- **GIVEN MATERIAL**:
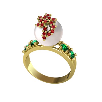 Inci, garnet ve yeşil kuvars 18 ayar altın yüzük
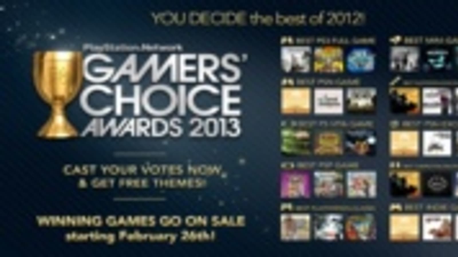 Компания Sony официально сообщила названия номинантов PlayStation Network Gamers' Choice Awards - уже третьего по счету ежегодного голосования, в ходе которого сами пользователи определяют лучшие игры сервиса PSN.
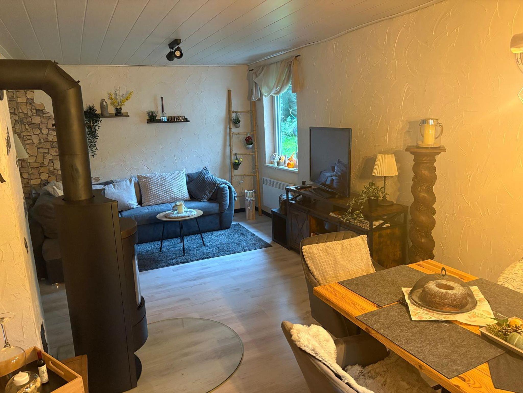 Der Wohnbereich verfügt über Satelliten-TV. Im Preis enthalten sind WLAN, Endreinigung, frische Bettwäsche, Handtücher, Heizkosten sowie Kaminholz für entspannte Abende am Feuer. Ein Holzofen, ein Schaukelstuhl und die bequeme Schlafcouch sorgen für eine besonders behagliche Atmosphäre.
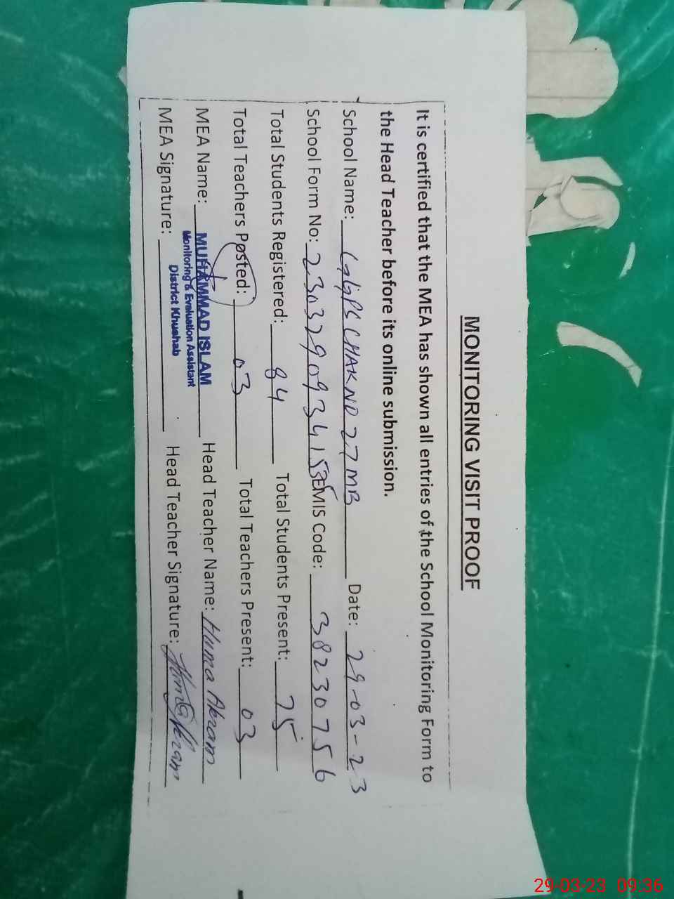 | Attendance Register | Head Teacher | MEA with School | Visit Proof |

- **TO DO**: Write out the lines from the start of the material to the line with "Компания Sony официально", inclusive and exactly. Skip the pictures.

- **THE ANSWER**:
 Inci, garnet ve yeşil kuvars 18 ayar altın yüzük
 Компания Sony официально сообщила названия номинантов PlayStation Network Gamers' Choice Awards - уже третьего по счету ежегодного голосования, в ходе которого сами пользователи определяют лучшие игры сервиса PSN.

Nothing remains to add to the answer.